Assigned task: In the entries below, find the line with "- Enhance your" and the line with "Flachdeckel für thermostatische"; reproduce those two lines and all lines between them exactly, without pictures.

Record excerpts:
-*-

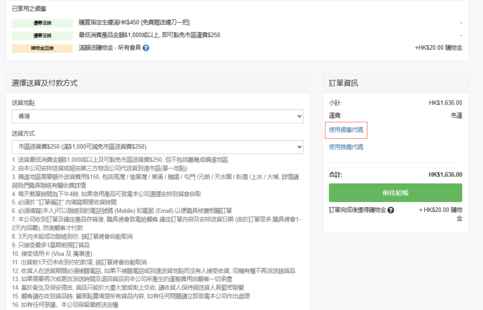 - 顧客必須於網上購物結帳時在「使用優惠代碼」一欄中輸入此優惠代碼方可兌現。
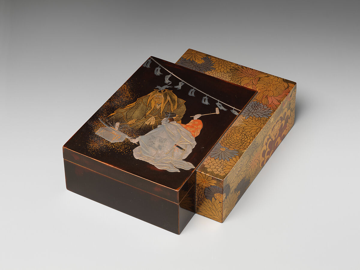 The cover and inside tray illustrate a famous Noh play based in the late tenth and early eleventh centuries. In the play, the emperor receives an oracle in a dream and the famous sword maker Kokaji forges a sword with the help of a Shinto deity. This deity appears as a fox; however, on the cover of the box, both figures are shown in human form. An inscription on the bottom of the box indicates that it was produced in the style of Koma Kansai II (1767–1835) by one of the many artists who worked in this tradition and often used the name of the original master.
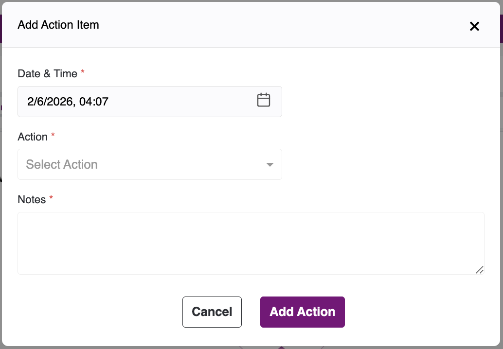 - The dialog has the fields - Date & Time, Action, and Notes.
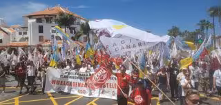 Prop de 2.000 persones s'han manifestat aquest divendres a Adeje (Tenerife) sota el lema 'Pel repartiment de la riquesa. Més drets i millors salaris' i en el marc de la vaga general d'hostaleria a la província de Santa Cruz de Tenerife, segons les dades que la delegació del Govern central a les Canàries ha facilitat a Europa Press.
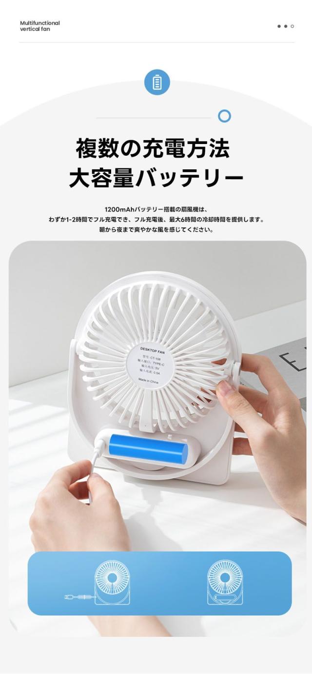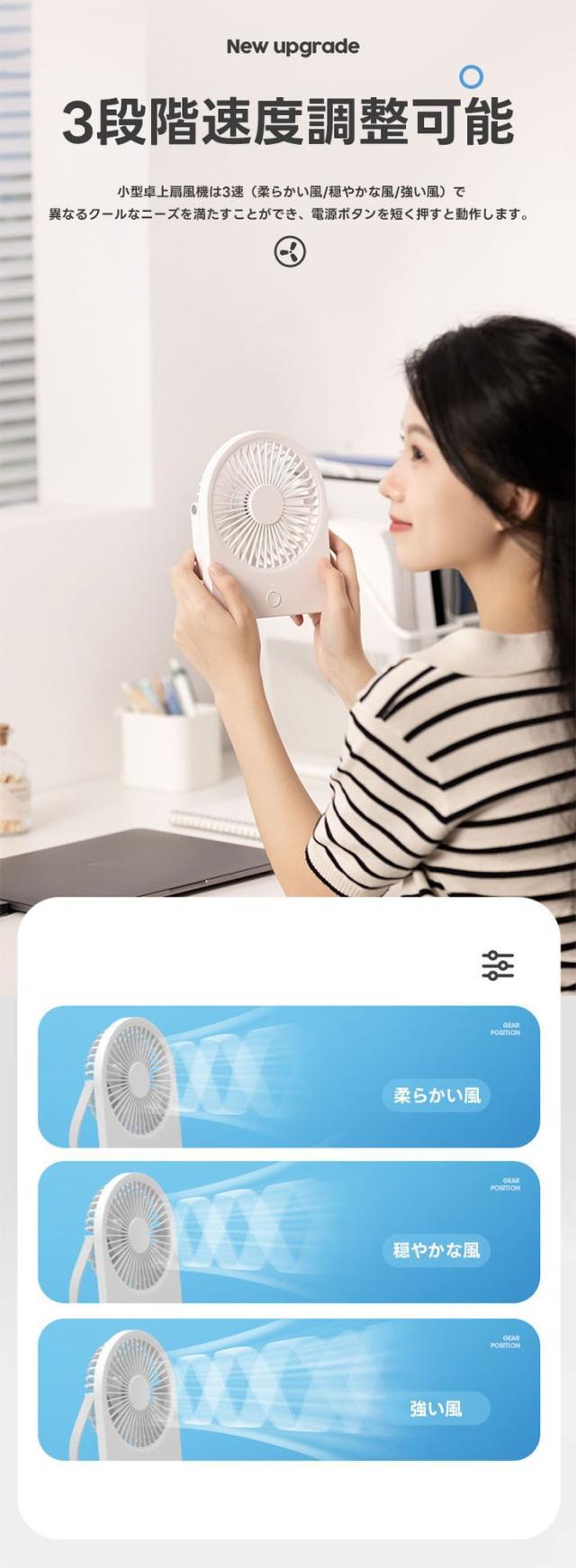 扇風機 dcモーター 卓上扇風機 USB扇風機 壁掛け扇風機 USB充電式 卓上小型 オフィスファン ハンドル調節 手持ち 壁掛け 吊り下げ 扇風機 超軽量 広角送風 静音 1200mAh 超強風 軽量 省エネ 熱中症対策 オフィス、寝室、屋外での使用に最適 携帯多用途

-*-

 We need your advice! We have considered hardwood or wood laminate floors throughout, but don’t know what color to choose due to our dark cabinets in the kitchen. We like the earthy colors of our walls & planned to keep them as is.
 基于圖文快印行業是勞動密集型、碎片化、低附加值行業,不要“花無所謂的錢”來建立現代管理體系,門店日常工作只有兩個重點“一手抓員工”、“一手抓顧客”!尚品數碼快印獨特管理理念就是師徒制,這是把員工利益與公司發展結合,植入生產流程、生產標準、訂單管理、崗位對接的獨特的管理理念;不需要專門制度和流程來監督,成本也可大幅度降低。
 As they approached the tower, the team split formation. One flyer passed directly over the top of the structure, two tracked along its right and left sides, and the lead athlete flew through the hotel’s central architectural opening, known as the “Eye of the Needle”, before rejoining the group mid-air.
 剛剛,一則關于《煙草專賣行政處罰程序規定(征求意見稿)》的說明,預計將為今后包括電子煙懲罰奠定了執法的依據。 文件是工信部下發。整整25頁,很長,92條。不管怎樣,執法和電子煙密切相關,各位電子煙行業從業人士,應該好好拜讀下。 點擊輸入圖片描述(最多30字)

-*-

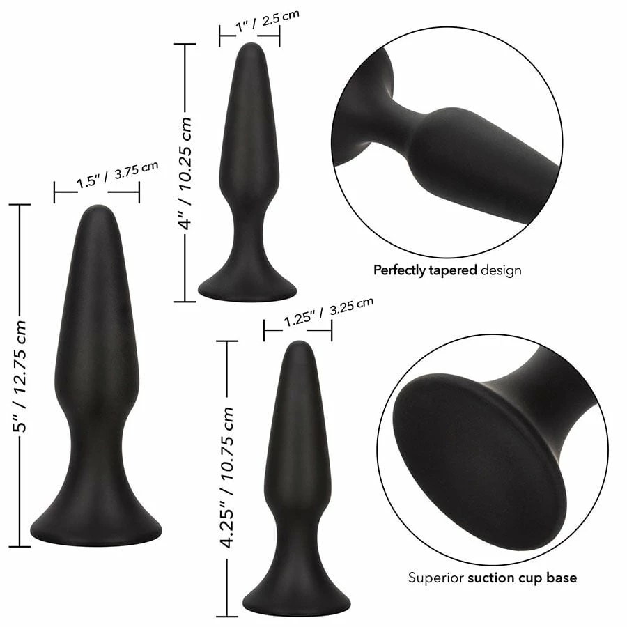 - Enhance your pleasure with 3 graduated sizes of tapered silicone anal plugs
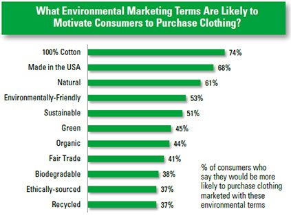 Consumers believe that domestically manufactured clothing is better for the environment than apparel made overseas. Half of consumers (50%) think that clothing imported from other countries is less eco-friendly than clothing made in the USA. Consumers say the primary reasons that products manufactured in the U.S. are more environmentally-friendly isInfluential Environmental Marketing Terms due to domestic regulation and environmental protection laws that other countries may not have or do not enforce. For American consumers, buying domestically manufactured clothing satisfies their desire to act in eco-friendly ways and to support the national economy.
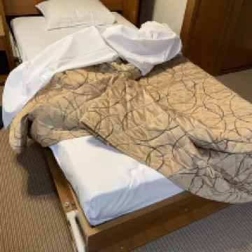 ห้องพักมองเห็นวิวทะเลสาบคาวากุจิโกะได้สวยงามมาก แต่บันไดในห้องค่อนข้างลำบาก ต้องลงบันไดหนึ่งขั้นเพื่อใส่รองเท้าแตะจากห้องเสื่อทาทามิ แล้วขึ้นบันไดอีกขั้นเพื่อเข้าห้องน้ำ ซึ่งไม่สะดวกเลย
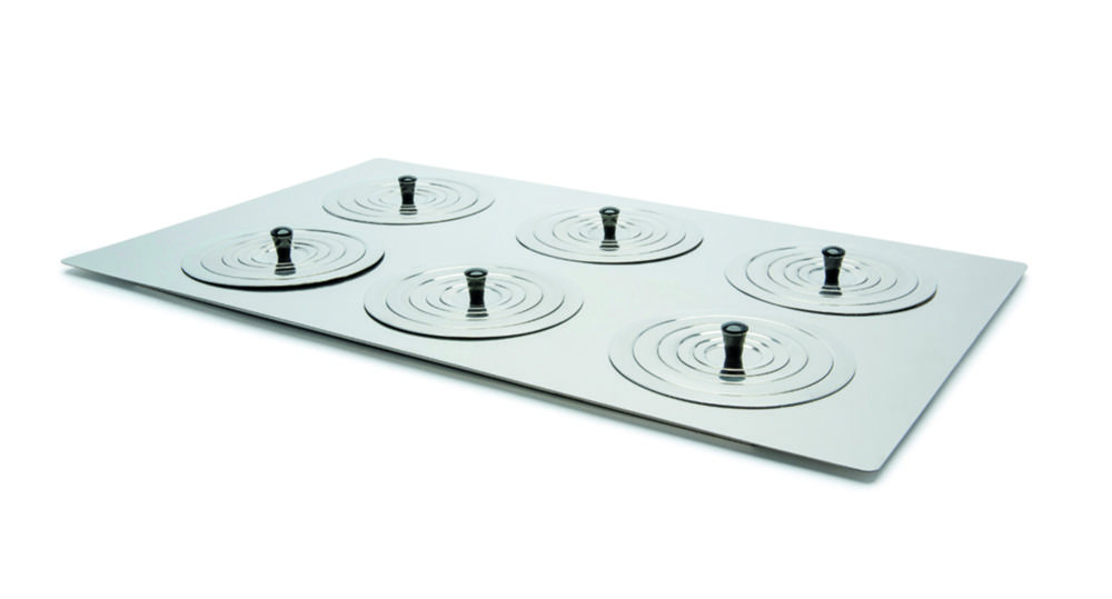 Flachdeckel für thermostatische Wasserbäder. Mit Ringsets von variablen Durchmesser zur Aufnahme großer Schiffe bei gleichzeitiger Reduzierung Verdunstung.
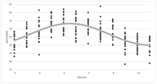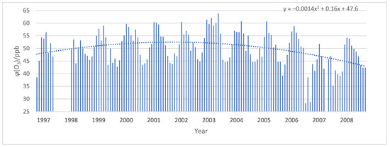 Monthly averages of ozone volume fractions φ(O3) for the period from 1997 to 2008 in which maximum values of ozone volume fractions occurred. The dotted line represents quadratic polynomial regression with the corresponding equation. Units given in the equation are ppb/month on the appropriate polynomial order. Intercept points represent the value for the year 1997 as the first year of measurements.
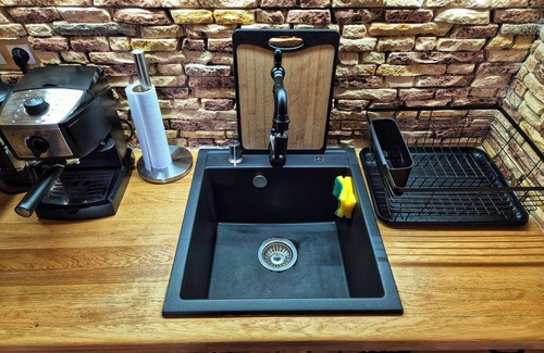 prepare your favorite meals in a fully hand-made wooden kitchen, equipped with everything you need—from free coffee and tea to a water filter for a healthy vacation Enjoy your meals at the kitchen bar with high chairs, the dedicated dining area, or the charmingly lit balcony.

-*-

Reply to the task:
 - Enhance your pleasure with 3 graduated sizes of tapered silicone anal plugs
 Consumers believe that domestically manufactured clothing is better for the environment than apparel made overseas. Half of consumers (50%) think that clothing imported from other countries is less eco-friendly than clothing made in the USA. Consumers say the primary reasons that products manufactured in the U.S. are more environmentally-friendly isInfluential Environmental Marketing Terms due to domestic regulation and environmental protection laws that other countries may not have or do not enforce. For American consumers, buying domestically manufactured clothing satisfies their desire to act in eco-friendly ways and to support the national economy.
 ห้องพักมองเห็นวิวทะเลสาบคาวากุจิโกะได้สวยงามมาก แต่บันไดในห้องค่อนข้างลำบาก ต้องลงบันไดหนึ่งขั้นเพื่อใส่รองเท้าแตะจากห้องเสื่อทาทามิ แล้วขึ้นบันไดอีกขั้นเพื่อเข้าห้องน้ำ ซึ่งไม่สะดวกเลย
 Flachdeckel für thermostatische Wasserbäder. Mit Ringsets von variablen Durchmesser zur Aufnahme großer Schiffe bei gleichzeitiger Reduzierung Verdunstung.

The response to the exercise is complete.